Method 2 (KEGG-based COG/KO to EC number translation) produced even more volatiles, with 848 unique enzymes associated with 1442 KEGG compounds, of which 477 were categorized as highly volatile (Fig. 2B). Most volatile compounds were found in more than one study (92% and 94% for Methods 1 and 2, respectively), and few volatiles were only associated with one study (14 and 35 in Methods 1 and 2, respectively). For both methods’ volatile predictions, the largest subclass of volatile compounds was “amino acids, peptides, and analogues.” Beyond this, Method 2 identified 25 carbonyl compounds (vs Method 1, only 8) and 11 fatty acids/conjugates (vs Method 1, only 3) as its next largest volatile subclasses.

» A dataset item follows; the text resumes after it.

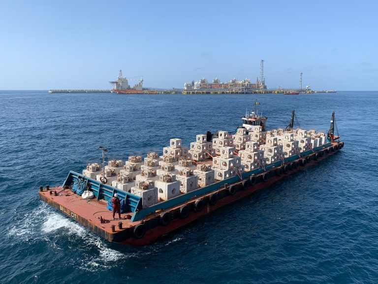 Reef cubes are modular habitat enhancement units that are low-carbon, plastic-free and made from 98% recycled materials. They’re built with a nature-inclusive design and contain a spherical chamber with passages on each of the cube faces. The cubes used in REFAS 2 offered a 91% reduction in CO2 emissions, but we have since finalised our mix to reach carbon-neutral status.

The second and third largest volatile subclass groups via Method 1 were carbohydrates/carbohydrate conjugates and short-chain keto acids/derivatives. There were 0 terpenoids identified via Method 1, while Method 2 identified a total of 7 (6 monoterpenoids and 1 sesquiterpenoid). Lists of all predicted LUCA volatile compounds, their linkage method, and their associated sources are available in Table S3.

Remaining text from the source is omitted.